И она кинулась к нему на шею и потащила его за руку в хату.
— А, Остапович, Шаповаленко! — залепетали вокруг парня собеседники. — А мы вас ждали, да все думали, куда это вас занесло!
Найда от радости бегает по хате и ставит на стол миски с угощениями. Явтух, крутя усы и нахмурившись, стоит посреди хаты, не снимая шапки, и сурово поглядывает по сторонам.
— Будем вам, щебетухи, языком тарахтеть! — сказал ткач. — Садитесь вечерять.
Найда всыпала в миску вареников.
Все при этом бросили болтовню и, крестясь, сели за стол.

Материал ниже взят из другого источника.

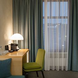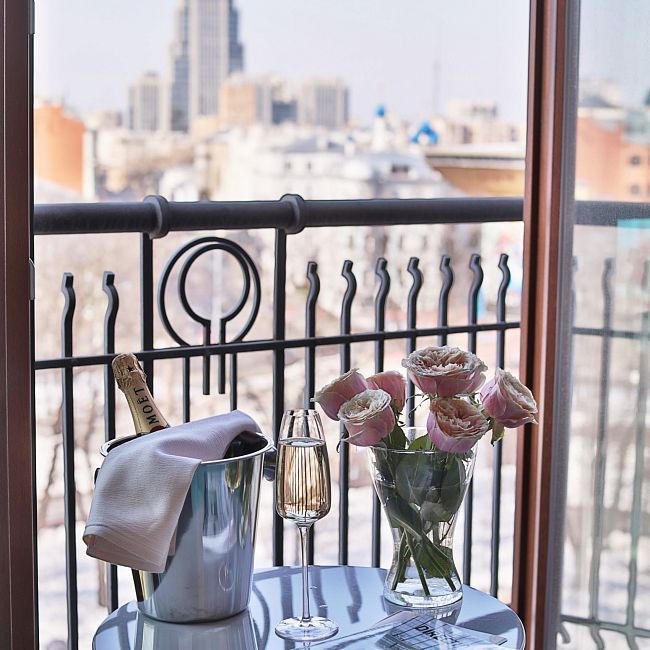 Panoramic windows overlooking Strastnoy Boulevard, Pushkin Square and Tverskaya Street (view on request). For those who value quietness we offer rooms with the courtyard view. Twin rooms have a view of the courtyard only.

Явтух молча сидел, сложа руки.
— А ты же что паном расселся? — спросила его с досадою Найда, видя его невежливость. — Не велика птица! Нá полотенце, да завесь свои шаровары, а то еще как раз с усов капнет!
Явтух нагнулся к столу и раскрыл рот. В ту же минуту дивные дела произошли в хате. У одного из парней в кармане были припасенные орехи и рожки; вдруг карман раскрылся, и орехи, а там и рожки, будто воробьи, стали вылетать оттуда, направляясь в рот Явтуха, который только раскусывал их. Долго никто не мог прийти в себя от изумления. «Э-ге-ге! да что же это такое?» — подумали в один раз все гости и остались неподвижными. Молчание сделалось такое, что слышно было, как муха жужжала и билась где-то под опрокинутым кувшином.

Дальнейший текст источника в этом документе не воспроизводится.